Четверть мили спустя след сворачивает на подъездную дорогу к одной из хижин, которые я хотела проверить. Я проезжаю мимо и делаю большой крюк, чтобы подъехать к дому сзади. Условия для укрытия здесь хуже, чем я думала. В этом лесу в основном растут лиственницы и сосны Бэнкса, тонкие, чахлые и сухие, как растопка, передвигаться здесь бесшумно невозможно. С другой стороны, если отец ждет меня в самой хижине, то он знает, что я здесь. Хижина ветхая и маленькая, и полянка, на которой она стоит, расположена так далеко, что почти теряется в лесу. Крышу ковром устилают мох и сосновые иголки. Боковые стены заросли крепким плющом, под ними виднеются высокие желтые цветы.
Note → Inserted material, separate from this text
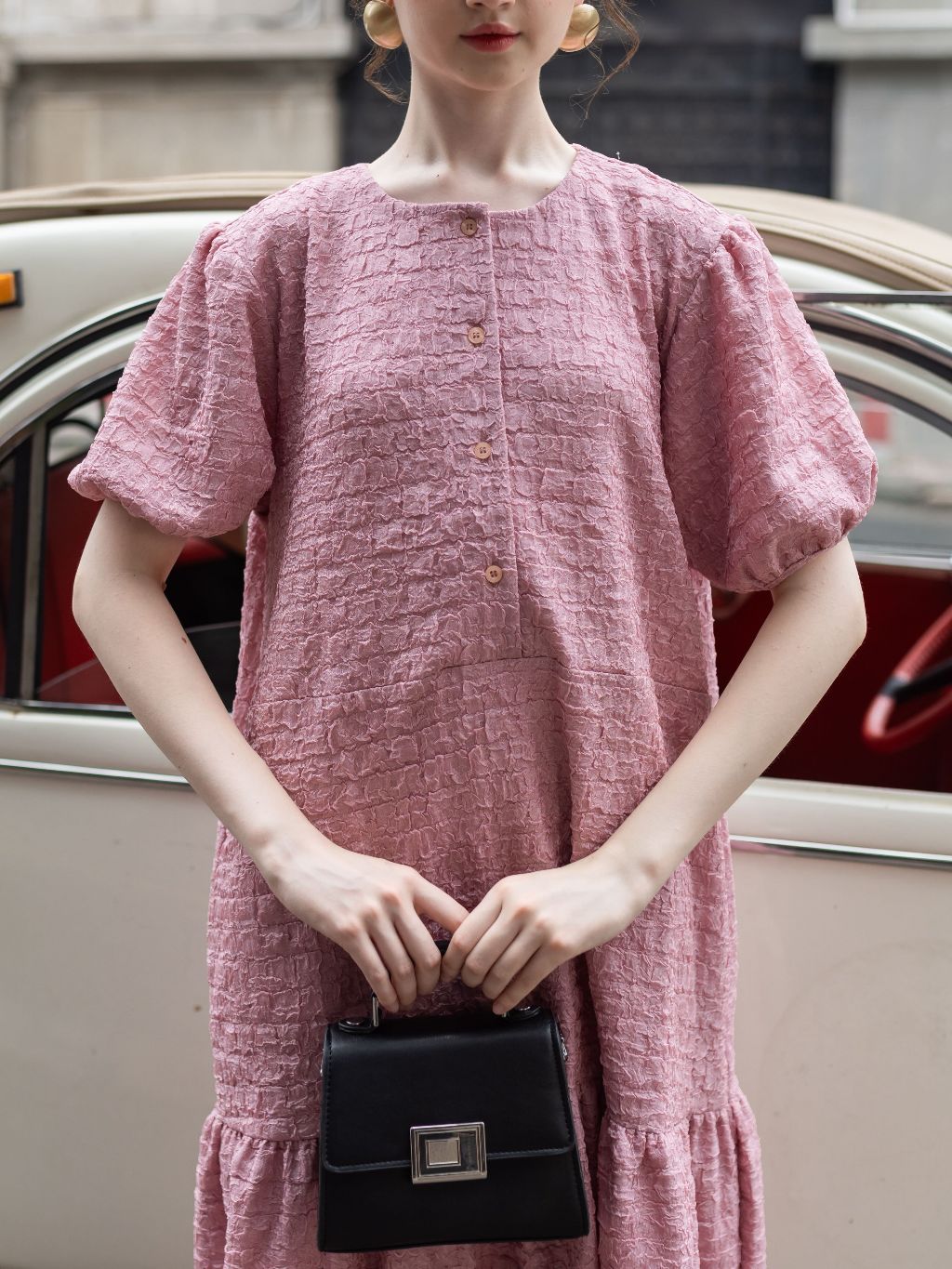ღ THÔNG TIN SẢN PHẨM: Tên sản phẩm: Đầm hồng cổ vuông tay phồng Chất liệu: Chất gấm trơn Chi tiết sản phẩm: không lót, không túi Thông số size: S,
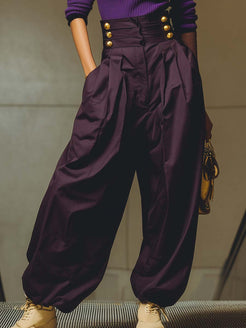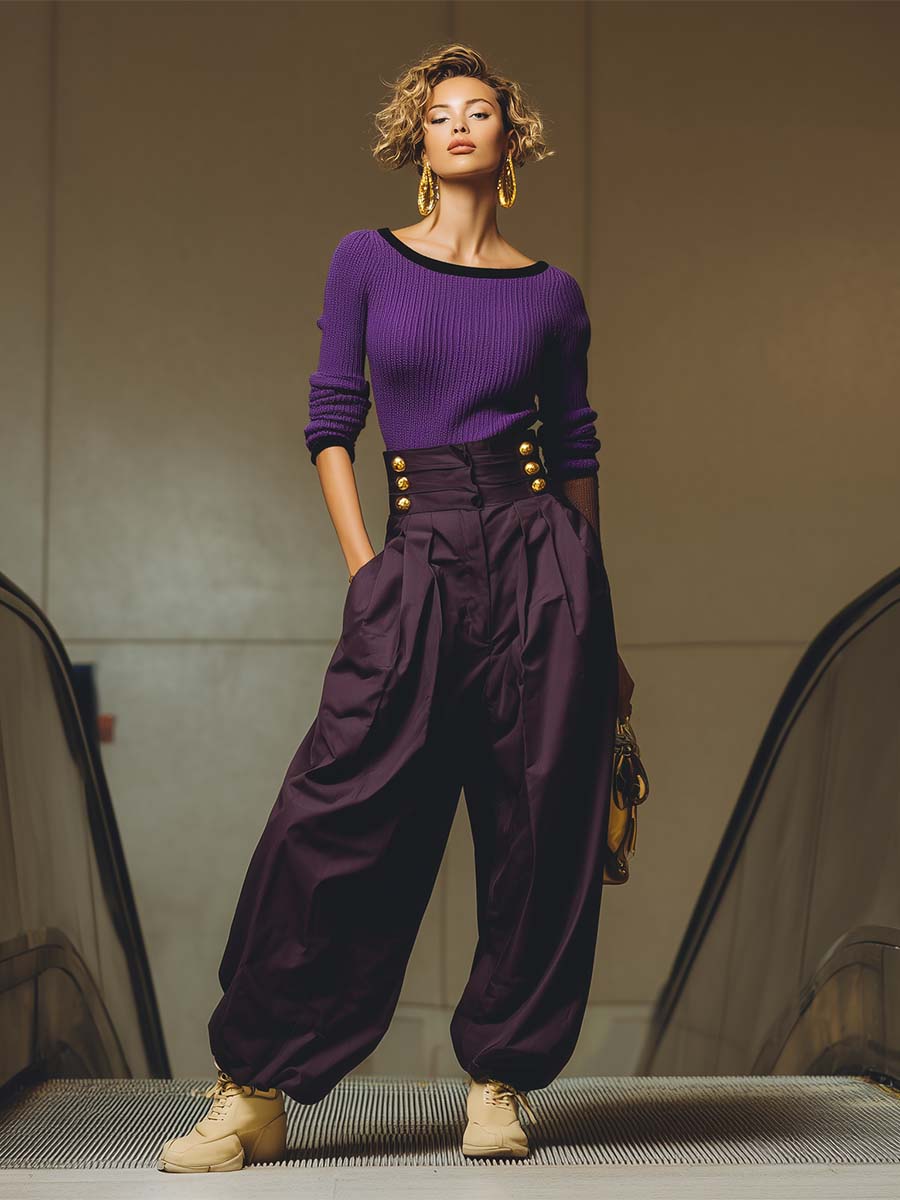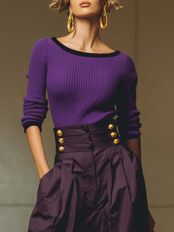 The Retro Exquisite Dark Purple Large Round Neck Knitted Top and Waist Metal Button Wide Pants Set is a stylish ensemble that combines classic design with modern elegance. The top features a large round neck design, providing a sophisticated and timeless look, perfectly paired with an exquisite dark purple hue. The wide pants are accentuated with metallic buttons at the waist, highlighting an exquisite attention to detail that elevates the overall aesthetic.

Хижина выглядит, как сказочный домик из книжек моих дочерей. Но не такой, в котором живет милая бездетная пара или бедный дровосек. Скорее такой, куда заманивают неосторожных детишек. Я не свожу взгляда с сарая на краю дороги, где стоит старый пикап. Заглядываю под прицеп и осматриваю балки, но сарай пуст.
Я прочесываю границы участка и обхожу хижину сзади. Из единственного окна с этой стороны открывается вид на спальню, которая едва ли больше кровати. Внутри стоят шкаф и продавленное кресло. Кровать расположена в центре комнаты, и в ней явно давно не спали. Я подхожу к хижине сбоку и проверяю второе окно. Ванная комната, вся сантехника ржавая, а полотенца старые. В стаканчике, прикрепленном к стене над раковиной, всего одна зубная щетка. Вода в туалете коричневая. Судя по темному кольцу над самой ее поверхностью, в этом туалете уже очень давно не смывали воду.
Из следующего окна открывается вид на гостиную, точь-в-точь похожую на гостиную моих дедушки и бабушки: выцветший диван, парные кресла, деревянный кофейный столик с миской, полной шишек, фигурных коряг и камешков агата. Застекленный шкаф в углу, набитый всякими безделушкам, солонками, перечницами и стеклянной посудой времен «великой депрессии». На ручках и спинках кресел – пожелтевшие вязаные салфетки. Старое кресло нуждается в смене обивки. На столике рядом с ним – кофейная кружка и сложенная газета. Комната выглядит нетронутой. Если отец и ждет меня внутри, то явно не здесь.
Я подхожу к главной двери и бесшумно ступаю на крыльцо. Спокойно стою и вдыхаю носом воздух. Когда охотишься на человека, нужно двигаться медленно. После нескольких долгих минут, в течение которых абсолютно ничего не происходит, я подхожу к двери. Ручка легко проворачивается, и я захожу внутрь.
Мне было пятнадцать, когда я впервые вломилась в чужой дом. К тому моменту я уже успела вылететь из школы, и попечители, которых назначил штат, не представляли, что со мной делать, как и дедушка с бабушкой, так что свободного времени у меня было завались.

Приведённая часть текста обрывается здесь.